当時の主要な技術的アプローチは、既存のマニュアル類から必要な情報を類似検索技術によってランキング化し、そのまま取り出すというものでした。しかし、この手法には複数の本質的な課題が存在していました:
- エンタープライズITのデータ管理との連携・追随の困難さ
- マニュアルの品質問題
- 内容が古い
- 説明が分かりにくい
- 重要な情報が記載されていない
これらの課題に対して、野村氏は「コンセプトベース」という技術を開発し、ジャストシステムでの実装を行いました。この取り組みは、人工知能学会10周年記念誌で取り上げられ、「AI支援ナレッジマネジメントの先駆者」として評価されました。

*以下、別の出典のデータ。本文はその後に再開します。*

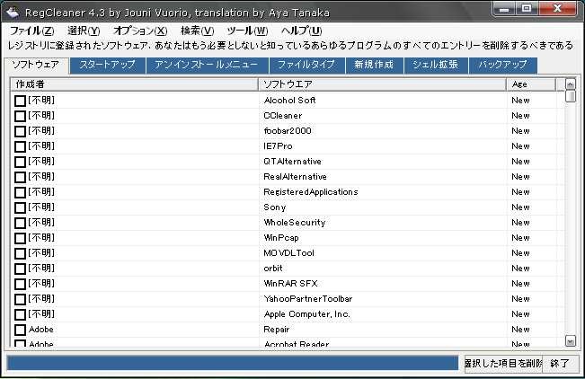 RegCleanerのサンプル画像です。

しかし、これらの取り組みにもかかわらず、当時のナレッジマネジメントは期待された成果を十分に上げることができませんでした。野村氏は当時の状況を「本質的な問題が積み残され、ブームは下火になりました」と説明しています。
この経験は、現代のナレッジマネジメントに重要な示唆を与えています。特に、データの更新性、品質管理、実用性の観点から、技術だけでなく運用面も含めた総合的なアプローチの必要性を示唆しています。
トマス・ダベンポート博士の理論から実践への移行が困難だった理由として、野村氏は「日本では、野中郁次郎先生が暗黙知と形式知のスパイラルで知識が発展していくという理論を展開しましたが、実装面での課題が残されていました」と指摘しています。

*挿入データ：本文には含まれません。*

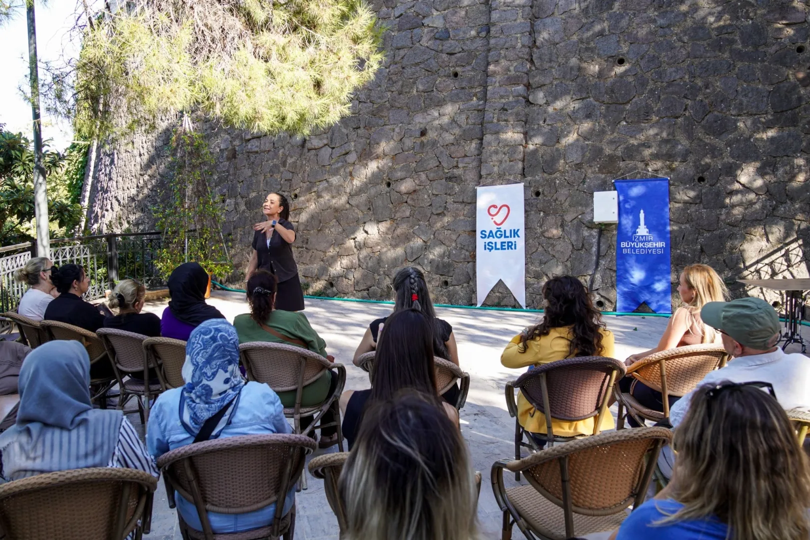 İZMİR (İGFA) - İzmir Büyükşehir Belediyesi, sağlık alanında bilinçlendirme ve koruyucu eğitim faaliyetlerini toplumun her kesimine ulaştırmaya devam ediyor. Bu kapsamda, Sağlık Eğitimleri Şube Müdürlüğü tarafından İzmir’in tarihi dokusunun önemli simgelerinden biri olan ve yakın zamanda İzmir Büyükşehir Belediyesi tarafından sosyal yaşam alanına dönüştürülen Şato'nun teraslarında "Bizim Mahalle Sohbetleri" başlatıldı.

この歴史的な文脈は、現代の生成AI技術による新たなナレッジマネジメントの可能性を考える上で重要な示唆を与えています。過去の課題を踏まえつつ、新技術によってどのようにそれらを解決できるのかという視点が、現代のナレッジマネジメントの発展において crucial となっています。
1.2. 生成AIの急速な進化と可能性
この1年間における生成AIの進化は目覚ましく、特に2024年に入ってからの発展は顕著です。野村氏は「この1年ばかりの間にも、生成AIは急激に進化し、過去の人間のベストプラクティスを参考に創造性さえも発揮したり、並みの人間を遥かに超える翻訳精度、分かり易い簡潔な文章を生成できるようになりました」と指摘しています。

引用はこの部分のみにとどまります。